■ **WORK TO BE COMPLETED**:
Please transcribe every entry below exactly, without including the pictures.

··· DATA FOR REVIEW ···

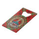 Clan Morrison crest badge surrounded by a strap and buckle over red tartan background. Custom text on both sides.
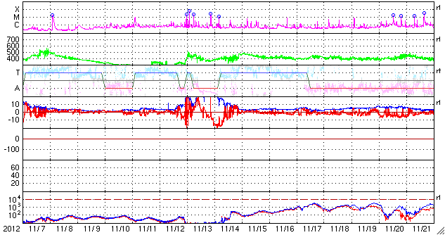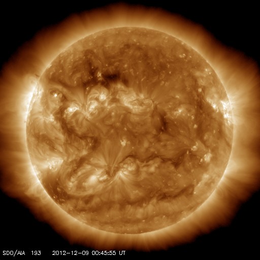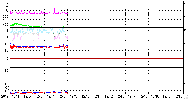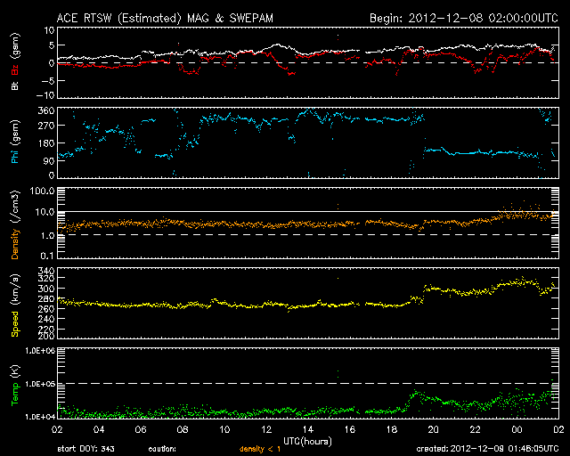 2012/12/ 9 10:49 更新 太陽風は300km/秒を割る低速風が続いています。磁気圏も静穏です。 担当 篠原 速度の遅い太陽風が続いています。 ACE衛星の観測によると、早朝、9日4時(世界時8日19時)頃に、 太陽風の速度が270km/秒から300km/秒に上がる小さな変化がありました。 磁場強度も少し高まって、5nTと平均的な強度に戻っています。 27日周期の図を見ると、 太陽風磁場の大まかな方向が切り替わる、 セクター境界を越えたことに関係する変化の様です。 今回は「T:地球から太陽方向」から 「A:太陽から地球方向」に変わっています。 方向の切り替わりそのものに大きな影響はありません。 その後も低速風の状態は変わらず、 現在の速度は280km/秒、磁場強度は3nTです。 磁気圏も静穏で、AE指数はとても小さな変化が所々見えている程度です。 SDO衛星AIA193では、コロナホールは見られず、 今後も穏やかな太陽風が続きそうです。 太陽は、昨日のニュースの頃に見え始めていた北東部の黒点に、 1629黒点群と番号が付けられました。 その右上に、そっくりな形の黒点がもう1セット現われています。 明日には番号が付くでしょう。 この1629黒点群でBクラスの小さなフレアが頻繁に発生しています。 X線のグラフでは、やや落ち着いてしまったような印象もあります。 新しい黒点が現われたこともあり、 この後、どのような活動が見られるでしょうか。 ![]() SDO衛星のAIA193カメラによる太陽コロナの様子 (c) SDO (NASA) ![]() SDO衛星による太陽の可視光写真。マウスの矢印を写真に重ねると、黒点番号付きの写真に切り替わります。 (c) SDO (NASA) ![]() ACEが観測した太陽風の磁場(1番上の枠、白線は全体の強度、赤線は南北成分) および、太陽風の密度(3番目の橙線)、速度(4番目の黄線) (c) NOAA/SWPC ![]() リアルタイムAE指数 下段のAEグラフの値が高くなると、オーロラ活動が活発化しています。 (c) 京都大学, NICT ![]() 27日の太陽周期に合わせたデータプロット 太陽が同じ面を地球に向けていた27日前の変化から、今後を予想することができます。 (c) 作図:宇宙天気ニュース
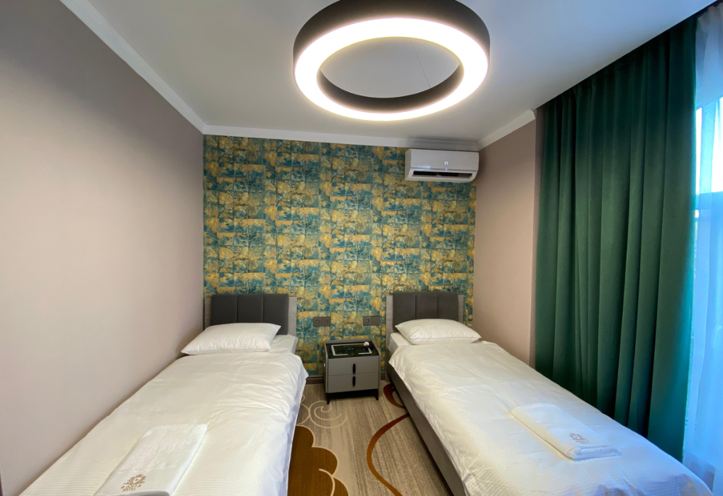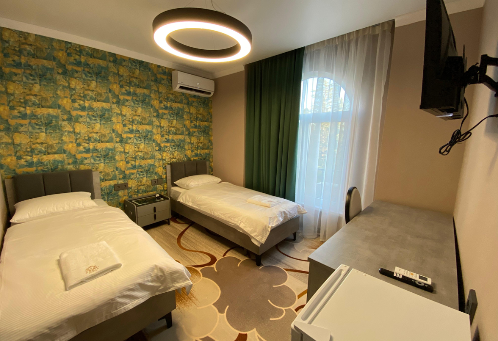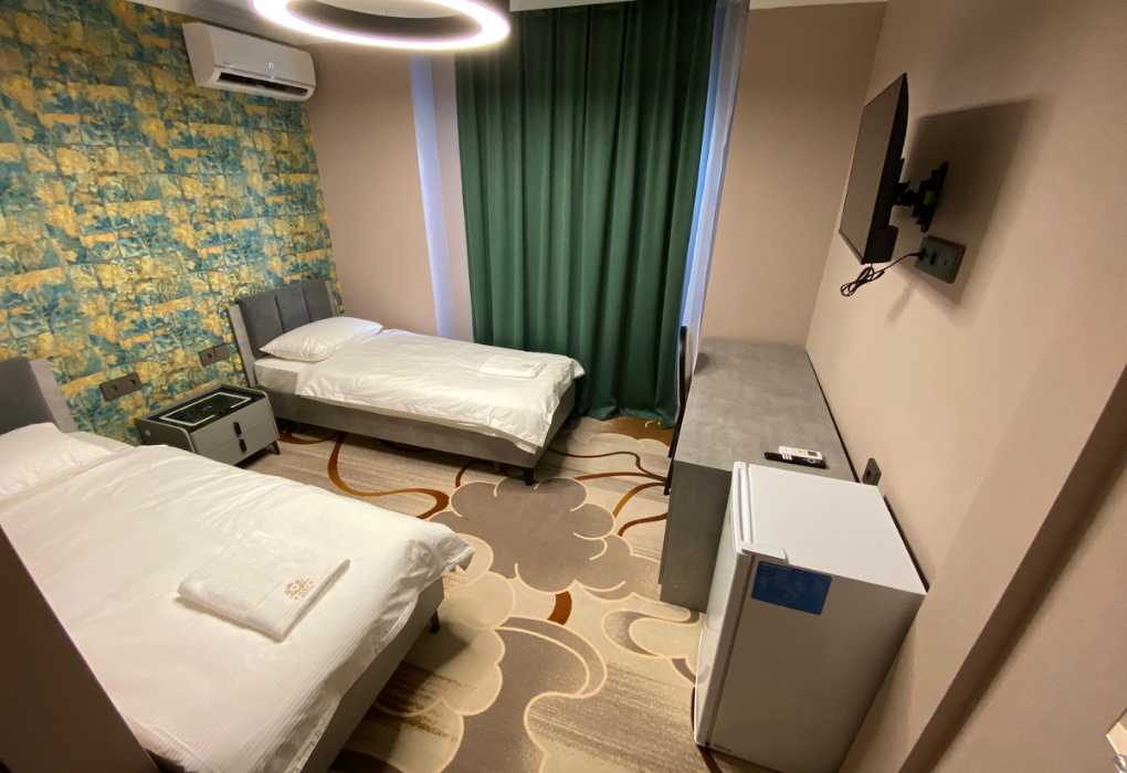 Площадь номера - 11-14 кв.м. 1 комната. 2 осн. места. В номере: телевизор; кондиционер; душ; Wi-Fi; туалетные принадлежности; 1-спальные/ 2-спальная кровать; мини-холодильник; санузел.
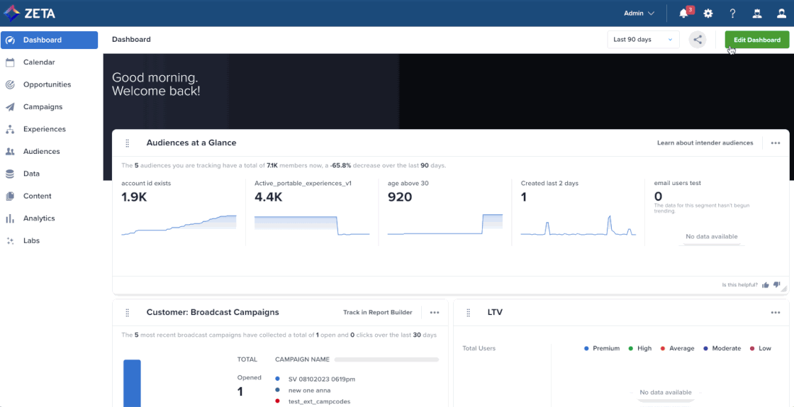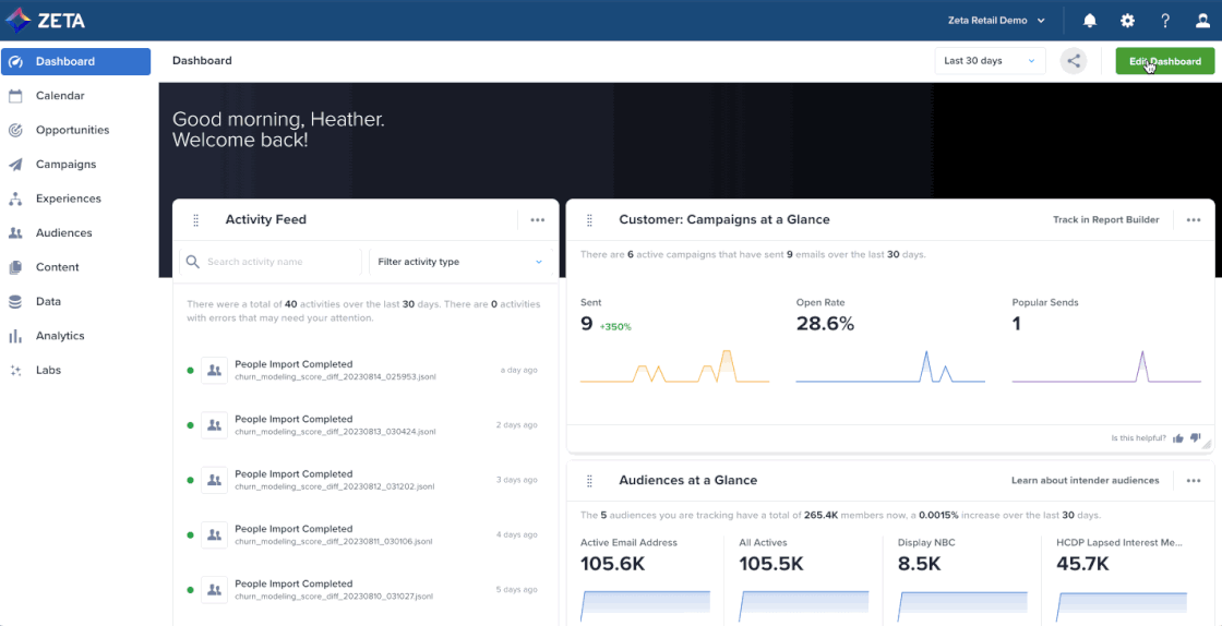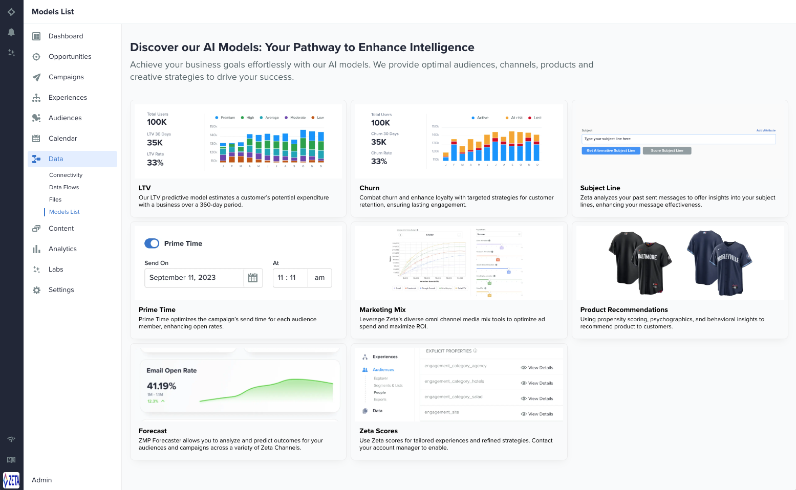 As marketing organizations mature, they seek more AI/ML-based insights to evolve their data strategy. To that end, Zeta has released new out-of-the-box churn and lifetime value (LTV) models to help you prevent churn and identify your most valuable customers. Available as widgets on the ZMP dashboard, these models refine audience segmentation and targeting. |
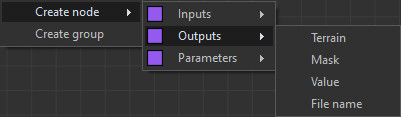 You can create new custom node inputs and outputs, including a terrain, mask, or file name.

···

■ **ANSWER**:
 Clan Morrison crest badge surrounded by a strap and buckle over red tartan background. Custom text on both sides.
 2012/12/ 9 10:49 更新 太陽風は300km/秒を割る低速風が続いています。磁気圏も静穏です。 担当 篠原 速度の遅い太陽風が続いています。 ACE衛星の観測によると、早朝、9日4時(世界時8日19時)頃に、 太陽風の速度が270km/秒から300km/秒に上がる小さな変化がありました。 磁場強度も少し高まって、5nTと平均的な強度に戻っています。 27日周期の図を見ると、 太陽風磁場の大まかな方向が切り替わる、 セクター境界を越えたことに関係する変化の様です。 今回は「T:地球から太陽方向」から 「A:太陽から地球方向」に変わっています。 方向の切り替わりそのものに大きな影響はありません。 その後も低速風の状態は変わらず、 現在の速度は280km/秒、磁場強度は3nTです。 磁気圏も静穏で、AE指数はとても小さな変化が所々見えている程度です。 SDO衛星AIA193では、コロナホールは見られず、 今後も穏やかな太陽風が続きそうです。 太陽は、昨日のニュースの頃に見え始めていた北東部の黒点に、 1629黒点群と番号が付けられました。 その右上に、そっくりな形の黒点がもう1セット現われています。 明日には番号が付くでしょう。 この1629黒点群でBクラスの小さなフレアが頻繁に発生しています。 X線のグラフでは、やや落ち着いてしまったような印象もあります。 新しい黒点が現われたこともあり、 この後、どのような活動が見られるでしょうか。 ![]() SDO衛星のAIA193カメラによる太陽コロナの様子 (c) SDO (NASA) ![]() SDO衛星による太陽の可視光写真。マウスの矢印を写真に重ねると、黒点番号付きの写真に切り替わります。 (c) SDO (NASA) ![]() ACEが観測した太陽風の磁場(1番上の枠、白線は全体の強度、赤線は南北成分) および、太陽風の密度(3番目の橙線)、速度(4番目の黄線) (c) NOAA/SWPC ![]() リアルタイムAE指数 下段のAEグラフの値が高くなると、オーロラ活動が活発化しています。 (c) 京都大学, NICT ![]() 27日の太陽周期に合わせたデータプロット 太陽が同じ面を地球に向けていた27日前の変化から、今後を予想することができます。 (c) 作図:宇宙天気ニュース
 Площадь номера - 11-14 кв.м. 1 комната. 2 осн. места. В номере: телевизор; кондиционер; душ; Wi-Fi; туалетные принадлежности; 1-спальные/ 2-спальная кровать; мини-холодильник; санузел.
 As marketing organizations mature, they seek more AI/ML-based insights to evolve their data strategy. To that end, Zeta has released new out-of-the-box churn and lifetime value (LTV) models to help you prevent churn and identify your most valuable customers. Available as widgets on the ZMP dashboard, these models refine audience segmentation and targeting. |
 You can create new custom node inputs and outputs, including a terrain, mask, or file name.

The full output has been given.